Exercise description ->
Repeat each entry exactly and drop the pictures.

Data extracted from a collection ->
***

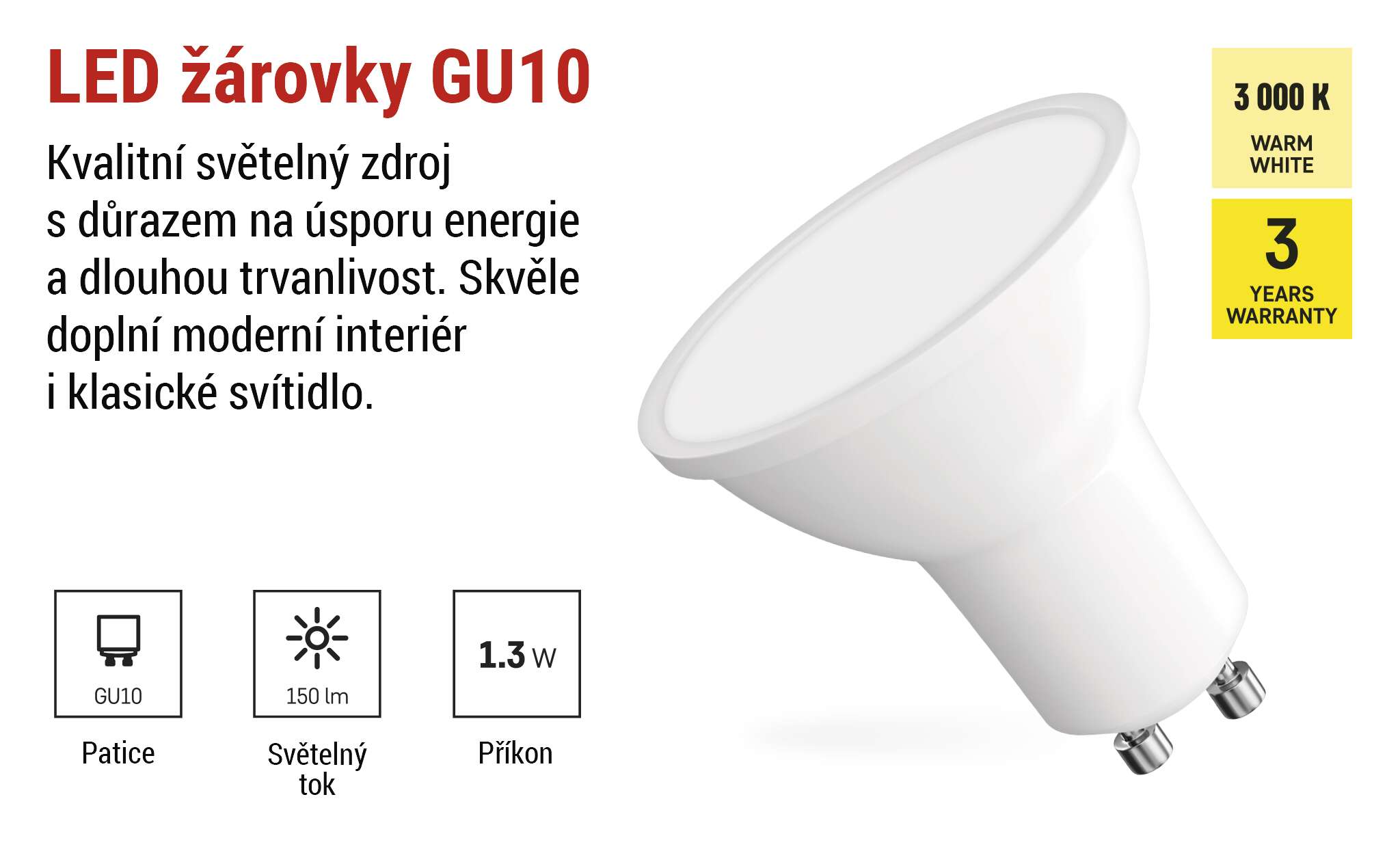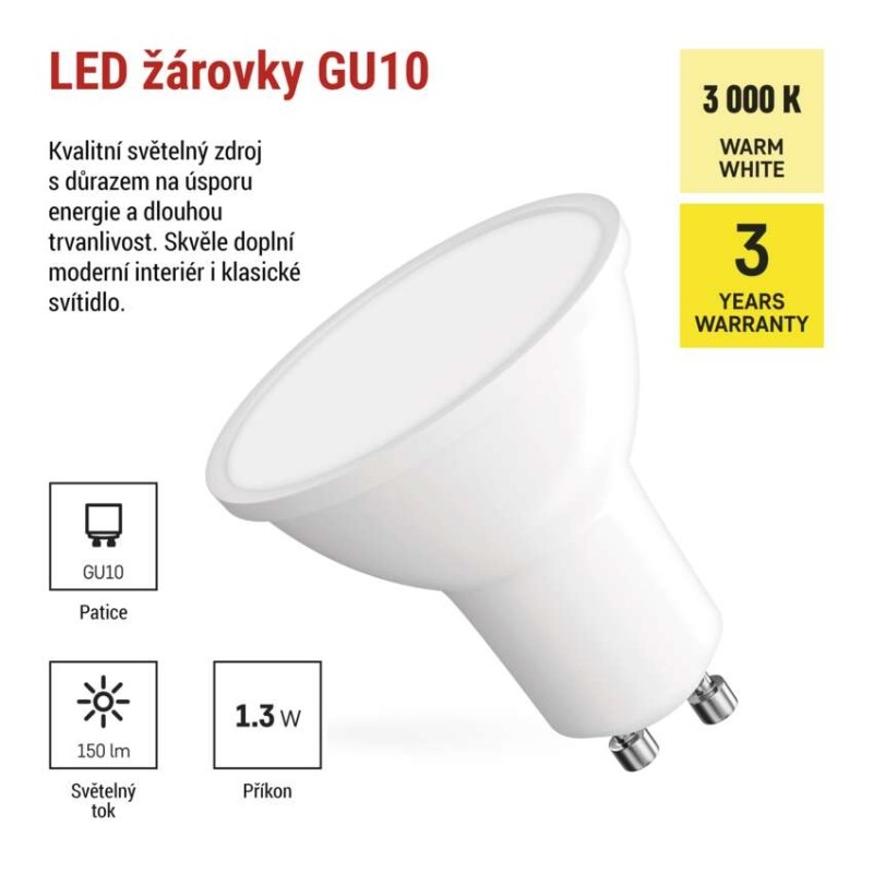barva světla: teplá bílá|energetická třída: E|frekvence: 50/60 Hz|index podání barev (CRI): 80|kompatibilita: –|náhrada za žárovku: 16 W|napětí: 220-240 V~|notifikace do mobilní aplikace: –|ovládání hlasovými asistenty: –|patice (uchycení žárovky): GU10|počet čipů: –|počet spínacích cyklů: 30 000|podporované OS: –|přenosová frekvence: –|příkon: 1,3 W|prodejní obal: 1 ks, krabička|protokol: –|řada: CLASSIC|rozměr: 50 × 50 × 58 mm|stmívatelná: ne|světelná účinnost: 115 lm/W|světelný tok: 150 lm|technologie: LED|teplota chromatičnosti: 3 000 K|tvar: MR16|typ čipů: SMD|účiník: 0,40|úhel vyzařování: 100°|záruční doba: 3 roky|životnost: 30 000 hodin
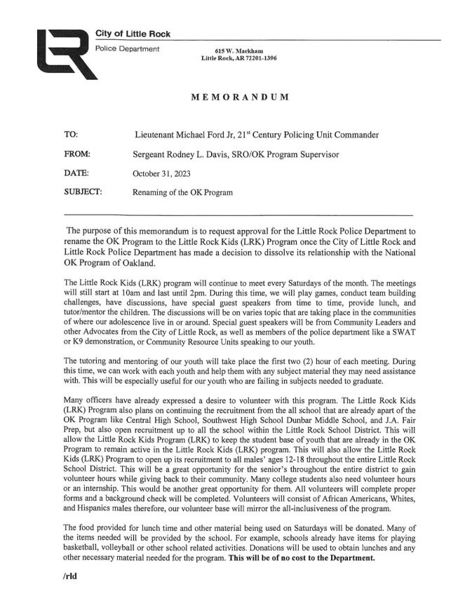 On September 12, 2023, Donald Northcross, the founder and CEO of the OK Program told the Little Rock Police Department that the OK Program of Little Rock operated by LRPD was being discontinued. Northcross also told LRPD they could not operate on any Little Rock School District campus as the OK Program.
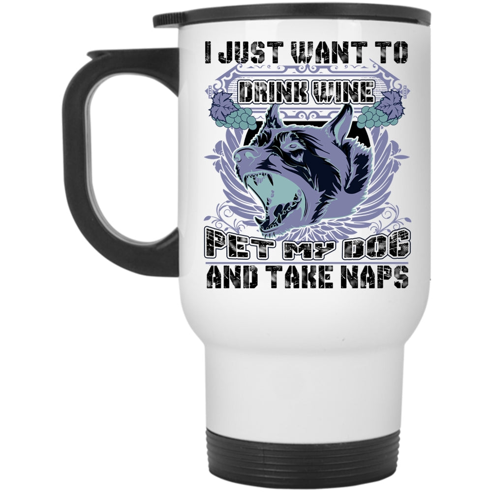 My Dog Travel Mug, I Just Want To Drink Wine Pet Mug
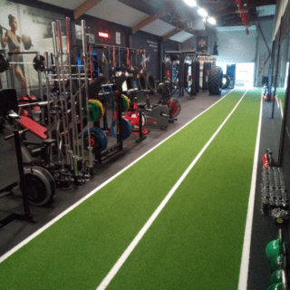 De tracks zijn ook een echte eyecatcher en geven de ruimte een professionele, moderne uitstraling. Dankzij het hoogwaardige rubber bieden ze goede grip en bescherming van de ondervloer. Bovendien is er veel flexibiliteit in belijning en kunnen wij een ontwerp op maat maken dat volledig aansluit bij jouw praktijk en trainingsdoelen.
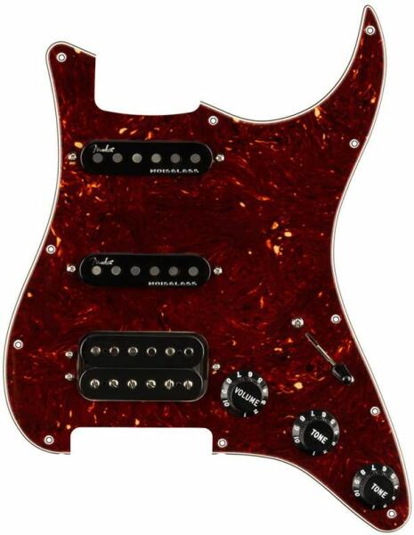Shawbucker Bridge/Gen 4 Noiseless neck/middle HSS, 11 screw holes, tortoise shell Customize your tone with the Pre-Wired Stratocaster pickguards. Made with premium components in the same factory as our iconic guitars, this drop-in pickguard is easy to install. Simply remove your old guard, solder the output jack and ground wires, screw in the new guard and you’;re ready to rock with pure Fender
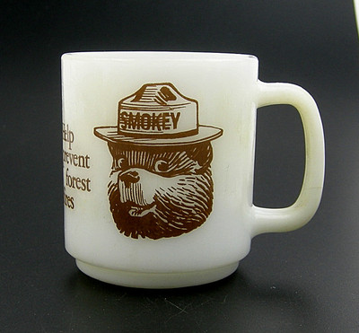 Title (ebay affiliate link): Vintage Smokey Bear Coffee Cup Mug Prevent Forest Fires Milk Glass
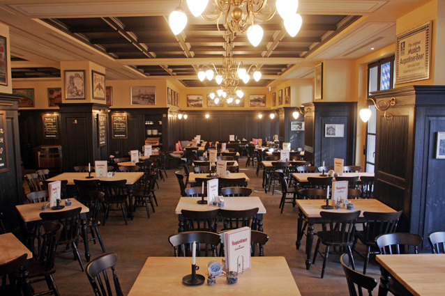 Bavarian-style beer hall, with a dark wood-paneled ceiling & walls, serving South German cuisine.
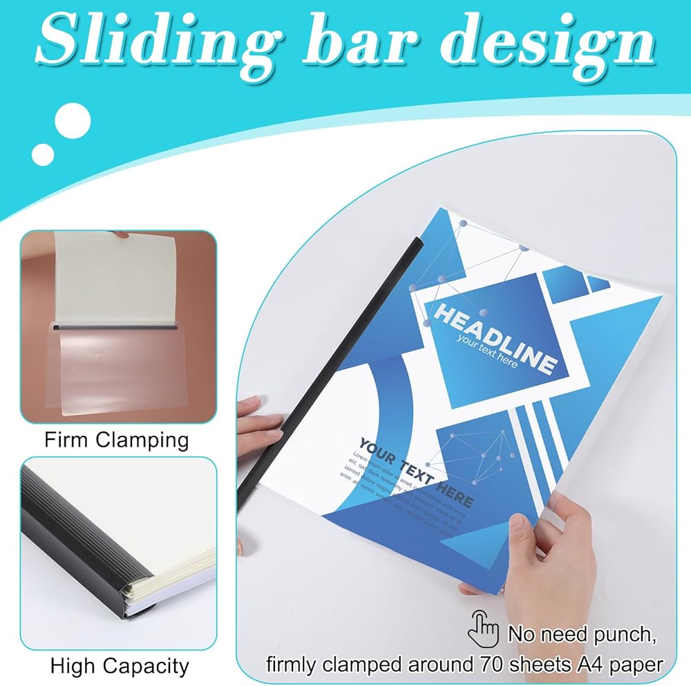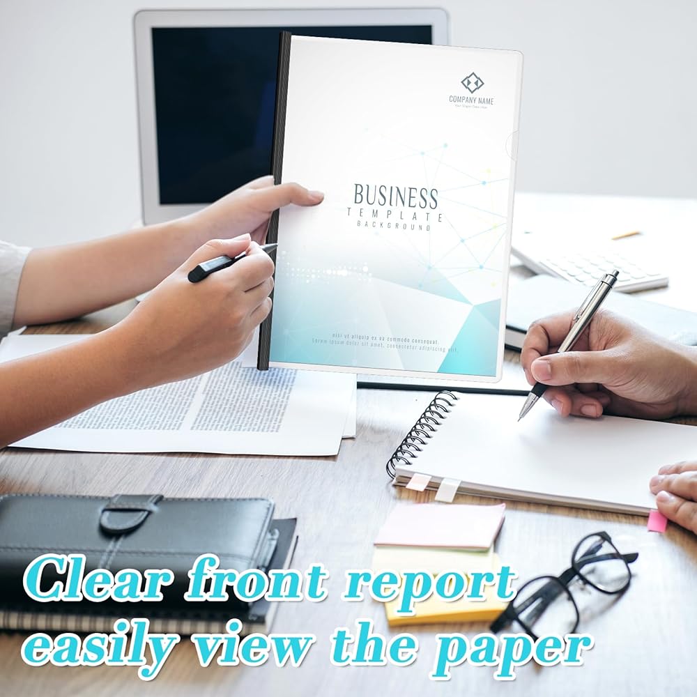 Crystal-Clear Professional Presentation: The ultra-transparent covers showcase your title pages while protecting contents from spills and tears. The semi-circular thumb cutout allows quick access to documents, and the sleek black sliding bars add a touch of sophistication to any business or academic setting.
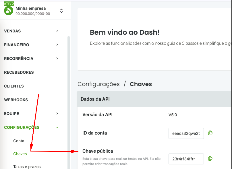 Entre na sua conta do Pagar Me > Configurações > Chaves > Dados da API > Chave pública > Copia a chave.
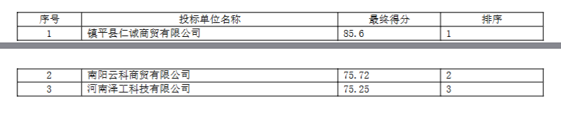 | 本次中标公告在《河南省政府采购网》、全国公共资源交易平台(河南省·镇平县)、河南省电子招标投标公共服务平台、中国招标投标公共服务平台上发布,中标公告期限为*个工作日 。 | |||||||||||||||||||||||||||||||
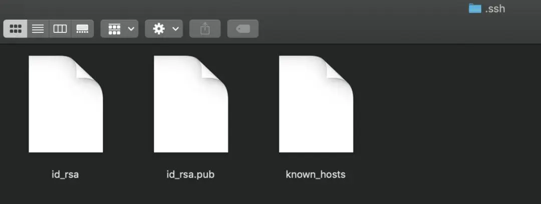 首先在本地找到.ssh目录,mac用户使用快捷键:shift+command+G输入***~/.ssh***快速查找。查看目录下有没有id_rsa(私钥)和id_rsa.pub(公钥)这两个文件,如果没有,可以在终端中运行***ssh-keygen -t rsa -C “你的github邮箱"***来生成ssh Key。
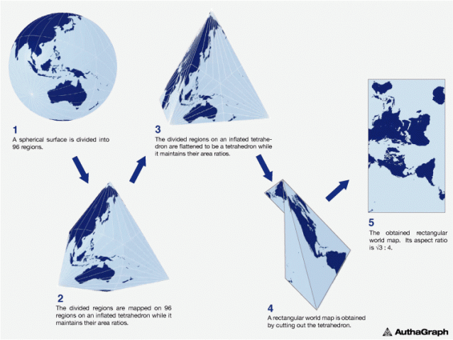 Этапы составления проекции AuthaGraph World Map
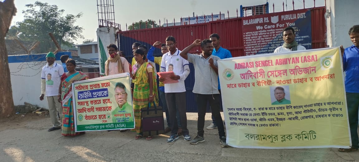 সতীদাহ প্রথার মত ডাইনি প্রথাও আদিবাসী গ্রাম সমাজে বিপদ ডেকে আনছে তার সাথে ছোঁয়াচে মানসিকতার বিপদজনক অমানবিক পরম্পরা রোধ করার বার্তা সরকারের কাছে তুলে ধরার জন্য বৃহস্পতিবার পুরুলিয়ার জেলার বলরামপুর ব্লক সমষ্টি উন্নয়ন আধীকারীক এর কাছে লিখিত আকারে স্বারকলিপি জমা দিলো আদিবাসী সিঙ্গেল অভিযান। এর পাশাপাশি একই বিষয়ে থানা তেও ডেপুটেশন জমা দেয়। এবিষয়ে আদিবাসী সিঙ্গেল অভিযানের বলরামপুর ব্লক কমিটির প্রভারী সুবোদ মুর্মু বলেন, আদিবাসী সমাজ থেকে ডাইনি প্রথা কে চিরতরে দূর করার জন্য প্রাথমিক স্তরে কিছু পরামর্শ এবং সহযোগিতার প্রার্থনা করলাম, এর পাশাপাশি আমাদের সংগঠনের পক্ষ থেকে বিভিন্ন ভাবে প্রচার চালানো হবে।
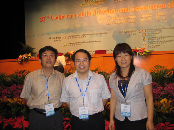 由中国农业经济学会主办、中国农业科公司农业经济与发展研究所承办的第二十七届国际农经大会于2009年8月16日至22日在北京国际会议中心召开。yl6809永利经济与管理公司何忠伟经理、李华书记、刘芳副经理应邀出席本次大会,本院研究生郭军平(08级)、任钰(08级)、苏卫良(09级)、王琛(09级)列席旁听了本次大会。
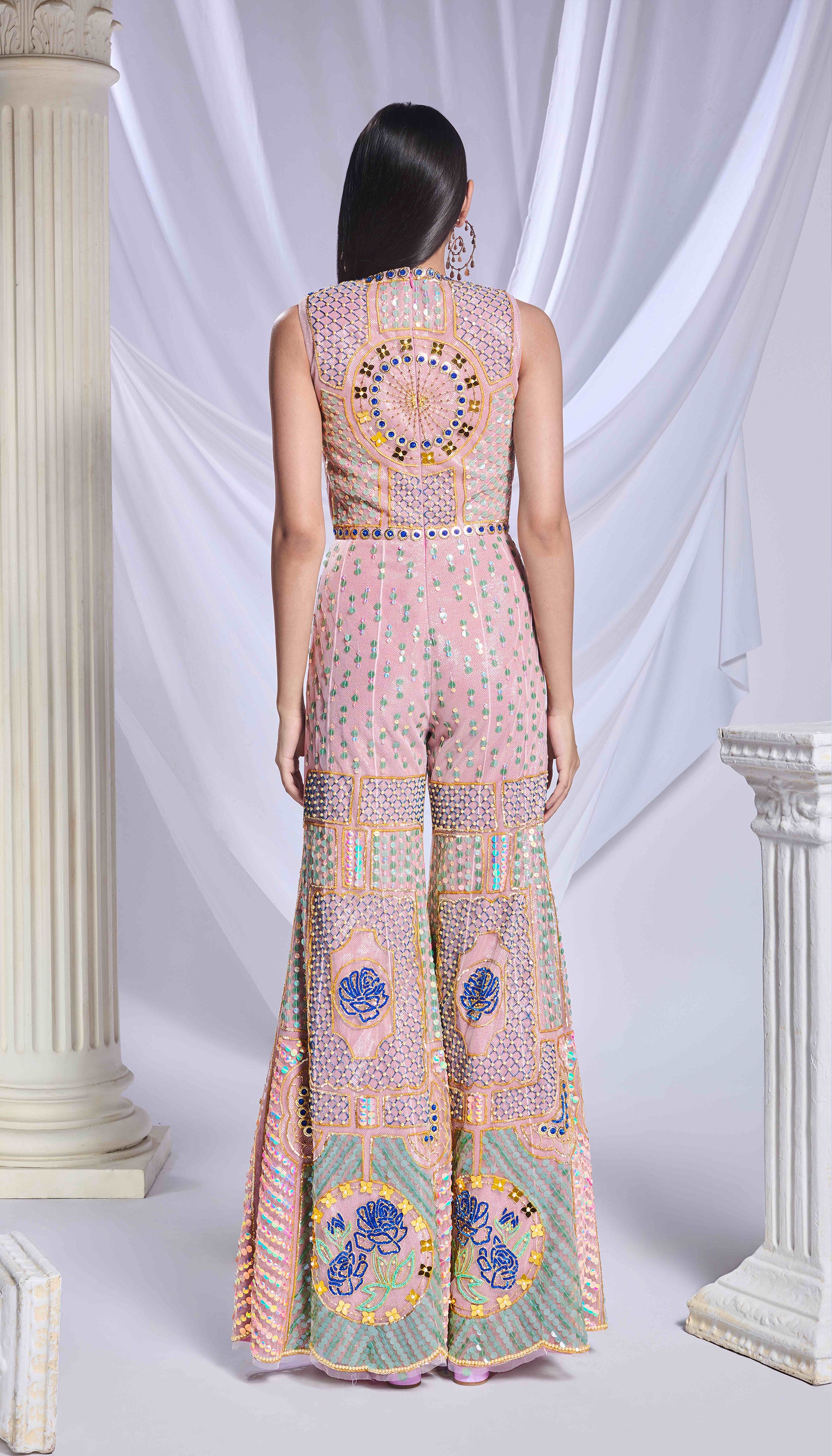A baby pink tulle jumpsuit embroidered with sequins, glass cut beads, pearls and acrylics, attached to the bustier, embroidered with delicate roses, sequins and glass cut beads
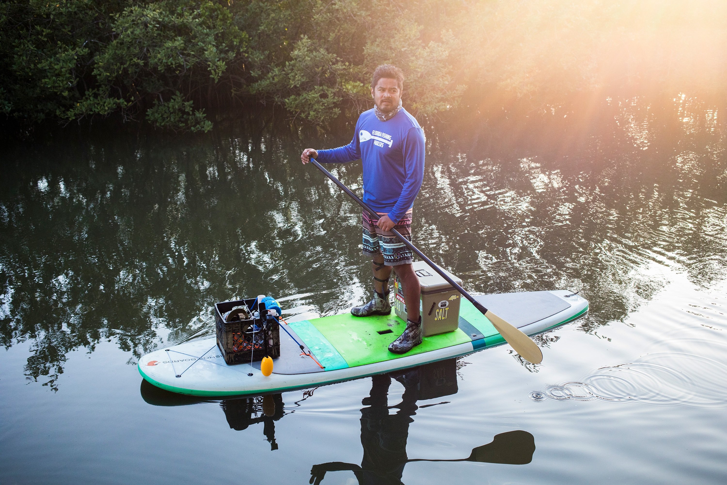 To cope, Gerry Realin goes out paddleboarding and fishing. Walking ankle deep in saltwater in Webster Creek, north of Mosquito Lagoon and the Canaveral National Seashore, Realin casts out into the channel with a lure, hoping to catch redfish, jack and trout.
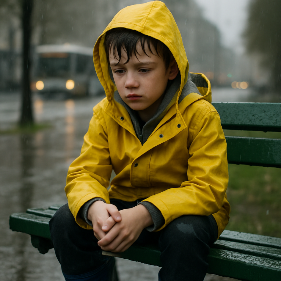 Зробивши кілька кроків тротуаром Маргарита здивовано зупинилася – на мокрій лавці сиділа маленька дівчинка і плакала. На ній була тоненька курточка і дівчинка мерзлякувато зіщулювалась від холоду, а по щоках перемішуючи з краплями дощу текли сльози.
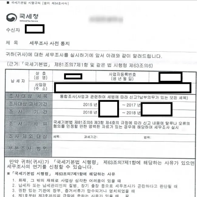 그리고 세무조사는 일반적으로 아래와 같이 세무조사 사전 통지서를 통해 언제부터 언제까지 무슨 사유로 어떠한 세목에 대해 세무조사를 진행한다고 미리 알리고 진행을 한다.

***

Result ->
barva světla: teplá bílá|energetická třída: E|frekvence: 50/60 Hz|index podání barev (CRI): 80|kompatibilita: –|náhrada za žárovku: 16 W|napětí: 220-240 V~|notifikace do mobilní aplikace: –|ovládání hlasovými asistenty: –|patice (uchycení žárovky): GU10|počet čipů: –|počet spínacích cyklů: 30 000|podporované OS: –|přenosová frekvence: –|příkon: 1,3 W|prodejní obal: 1 ks, krabička|protokol: –|řada: CLASSIC|rozměr: 50 × 50 × 58 mm|stmívatelná: ne|světelná účinnost: 115 lm/W|světelný tok: 150 lm|technologie: LED|teplota chromatičnosti: 3 000 K|tvar: MR16|typ čipů: SMD|účiník: 0,40|úhel vyzařování: 100°|záruční doba: 3 roky|životnost: 30 000 hodin
 On September 12, 2023, Donald Northcross, the founder and CEO of the OK Program told the Little Rock Police Department that the OK Program of Little Rock operated by LRPD was being discontinued. Northcross also told LRPD they could not operate on any Little Rock School District campus as the OK Program.
 My Dog Travel Mug, I Just Want To Drink Wine Pet Mug
 De tracks zijn ook een echte eyecatcher en geven de ruimte een professionele, moderne uitstraling. Dankzij het hoogwaardige rubber bieden ze goede grip en bescherming van de ondervloer. Bovendien is er veel flexibiliteit in belijning en kunnen wij een ontwerp op maat maken dat volledig aansluit bij jouw praktijk en trainingsdoelen.
Shawbucker Bridge/Gen 4 Noiseless neck/middle HSS, 11 screw holes, tortoise shell Customize your tone with the Pre-Wired Stratocaster pickguards. Made with premium components in the same factory as our iconic guitars, this drop-in pickguard is easy to install. Simply remove your old guard, solder the output jack and ground wires, screw in the new guard and you’;re ready to rock with pure Fender
 Title (ebay affiliate link): Vintage Smokey Bear Coffee Cup Mug Prevent Forest Fires Milk Glass
 Bavarian-style beer hall, with a dark wood-paneled ceiling & walls, serving South German cuisine.
 Crystal-Clear Professional Presentation: The ultra-transparent covers showcase your title pages while protecting contents from spills and tears. The semi-circular thumb cutout allows quick access to documents, and the sleek black sliding bars add a touch of sophistication to any business or academic setting.
 Entre na sua conta do Pagar Me > Configurações > Chaves > Dados da API > Chave pública > Copia a chave.
 | 本次中标公告在《河南省政府采购网》、全国公共资源交易平台(河南省·镇平县)、河南省电子招标投标公共服务平台、中国招标投标公共服务平台上发布,中标公告期限为*个工作日 。 | |||||||||||||||||||||||||||||||
 首先在本地找到.ssh目录,mac用户使用快捷键:shift+command+G输入***~/.ssh***快速查找。查看目录下有没有id_rsa(私钥)和id_rsa.pub(公钥)这两个文件,如果没有,可以在终端中运行***ssh-keygen -t rsa -C “你的github邮箱"***来生成ssh Key。
 Этапы составления проекции AuthaGraph World Map
 সতীদাহ প্রথার মত ডাইনি প্রথাও আদিবাসী গ্রাম সমাজে বিপদ ডেকে আনছে তার সাথে ছোঁয়াচে মানসিকতার বিপদজনক অমানবিক পরম্পরা রোধ করার বার্তা সরকারের কাছে তুলে ধরার জন্য বৃহস্পতিবার পুরুলিয়ার জেলার বলরামপুর ব্লক সমষ্টি উন্নয়ন আধীকারীক এর কাছে লিখিত আকারে স্বারকলিপি জমা দিলো আদিবাসী সিঙ্গেল অভিযান। এর পাশাপাশি একই বিষয়ে থানা তেও ডেপুটেশন জমা দেয়। এবিষয়ে আদিবাসী সিঙ্গেল অভিযানের বলরামপুর ব্লক কমিটির প্রভারী সুবোদ মুর্মু বলেন, আদিবাসী সমাজ থেকে ডাইনি প্রথা কে চিরতরে দূর করার জন্য প্রাথমিক স্তরে কিছু পরামর্শ এবং সহযোগিতার প্রার্থনা করলাম, এর পাশাপাশি আমাদের সংগঠনের পক্ষ থেকে বিভিন্ন ভাবে প্রচার চালানো হবে।
 由中国农业经济学会主办、中国农业科公司农业经济与发展研究所承办的第二十七届国际农经大会于2009年8月16日至22日在北京国际会议中心召开。yl6809永利经济与管理公司何忠伟经理、李华书记、刘芳副经理应邀出席本次大会,本院研究生郭军平(08级)、任钰(08级)、苏卫良(09级)、王琛(09级)列席旁听了本次大会。
A baby pink tulle jumpsuit embroidered with sequins, glass cut beads, pearls and acrylics, attached to the bustier, embroidered with delicate roses, sequins and glass cut beads
 To cope, Gerry Realin goes out paddleboarding and fishing. Walking ankle deep in saltwater in Webster Creek, north of Mosquito Lagoon and the Canaveral National Seashore, Realin casts out into the channel with a lure, hoping to catch redfish, jack and trout.
 Зробивши кілька кроків тротуаром Маргарита здивовано зупинилася – на мокрій лавці сиділа маленька дівчинка і плакала. На ній була тоненька курточка і дівчинка мерзлякувато зіщулювалась від холоду, а по щоках перемішуючи з краплями дощу текли сльози.
 그리고 세무조사는 일반적으로 아래와 같이 세무조사 사전 통지서를 통해 언제부터 언제까지 무슨 사유로 어떠한 세목에 대해 세무조사를 진행한다고 미리 알리고 진행을 한다.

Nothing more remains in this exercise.